Monday, February 13, 2012

Catching Fire by Suzanne Collins

I rate this book: A-
This is the second book in the Hunger Games trilogy, and while I didn't find it as captivating as the first one, it was still really good. It just took a little longer to grab me than the first one. I highly recommend this trilogy, because I've already started on the 3rd one, and it has me from chapter one. I've heard the third one is the best of the three. We will see! There is a summary below but unless you have read the first book, don't read the summary! Go to my tags and click on books and read the summary for The Hunger Games. It's good stuff! :)

In The Hunger GamesThe Hunger Games by Suzanne Collins, teenagers Katniss Everdeen and Peeta Mellark emerged as victors of the 74th Hunger Games—a compulsory, nationally broadcast, gladiator-style fight to the death against 22 other teens. However, the fact that both of them emerged as victors is an unprecedented embarrassment to the Capitol, the oppressive regime that rules the nation of Panem and stages the annual Hunger Games. Katniss outsmarted the Capitol by feigning love for Peeta, and—when only the two of them were left alive in the arena—threatening to eat a handful of poisonous berries simultaneously with Peeta, such that both of them would die (think Romeo and Juliet). Unable to stomach no Hunger Games victor, the Capital momentarily buckled and allowed both to win.
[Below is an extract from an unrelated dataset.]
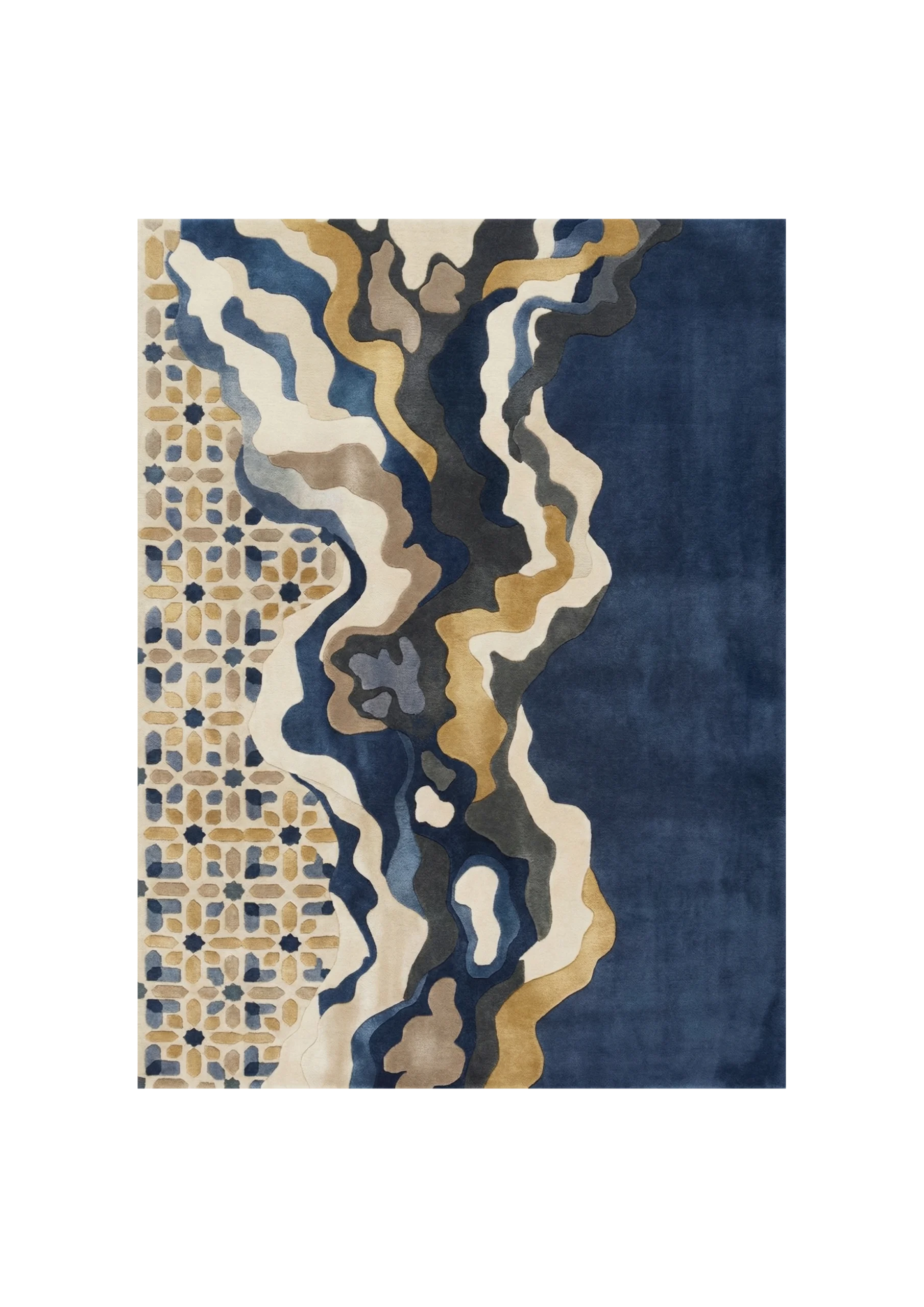 Lisière d’Atlas célèbre la rencontre entre structure et mouvement. D’un côté, la rigueur géométrique des motifs inspirés de la mosaïque ; de l’autre, des lignes fluides aux nuances d’azur et de sable qui évoquent un paysage en transition. À la frontière entre héritage et nature, ce tapis apporte profondeur, caractère et élégance contemporaine à l’espace.

Picking up the story in Catching FireCatching Fire by Suzanne Collins, Katniss’s victory has changed her life. She now lives in a mansion in the “Victor’s Village” of District 12, and has more money than she will ever need: her days of poverty and hunger are over. However, despite her new wealth, all is not well. As a victor, Katniss must now be involved with the violent Hunger Games (which she would rather forget) indefinitely. Most immediately, she must participate in a Victory Tour, visiting the Districts and families of the other Hunger Games contestants—“tributes”—who were killed in the arena, some of them at her hand. Then, she, Peeta, and Haymitch Abernathy—the alcoholic victor of the 50th Hunger Games, who mentored Katniss and Peeta during their time in the arena—will be required to act as mentors to the District 12 tributes at the 75th Hunger Games. That round of the Games has been deemed a “Quarter Quell,” i.e., an especially brutal version of the Games to commemorate its 75th anniversary.
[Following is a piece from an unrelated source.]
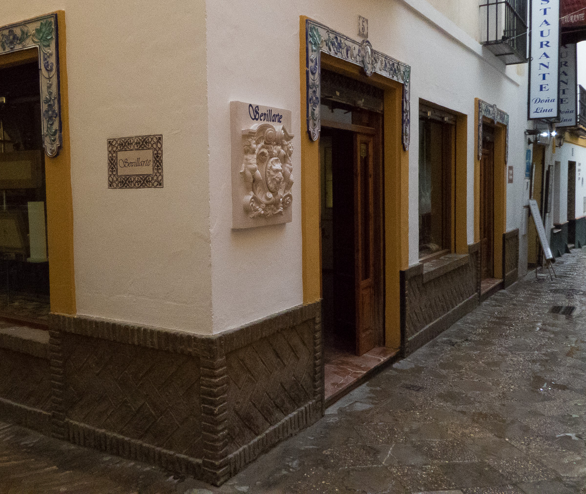 I tossed and turned all night long last night, and when I got up I realized there was only one thing to do – head back to Sevillarte and look once again at ceramics. On the previous day I’d fallen in love with an 18thcentury tile, pulled from some former palace during its demolition. When I had pointed it out to Angel, the owner, he told me that I had exquisite taste- it was one of the few genuinely old pieces in his shop. So with that in mind we went back, perhaps to purchase one of those “lifetime souvenirs.”

In addition to the distasteful requirement that Katniss continue to be involved in the Hunger Games, she, her family, and her friends are in personal danger. Apparently Katniss’s rebellious act with the berries has stirred the possibility of insurrection in the Districts: if a 16-year-old girl can defy the Capitol and survive, why not entire Districts? President Snow—the cruel dictator of Panem—has personally threatened Katniss that unless she can pacify the Districts on the Victory Tour, she and those close to her will be in danger. The only way for her to obey this order is to continue feigning love for Peeta on the Victory Tour, and thereby to convince the restless Districts that the berries represented desperate love for Peeta and not rebellion. This project is, of course, excruciating since it is sure to further alienate her long-time hunting partner, friend, and would-be suitor Gale Hawthorne.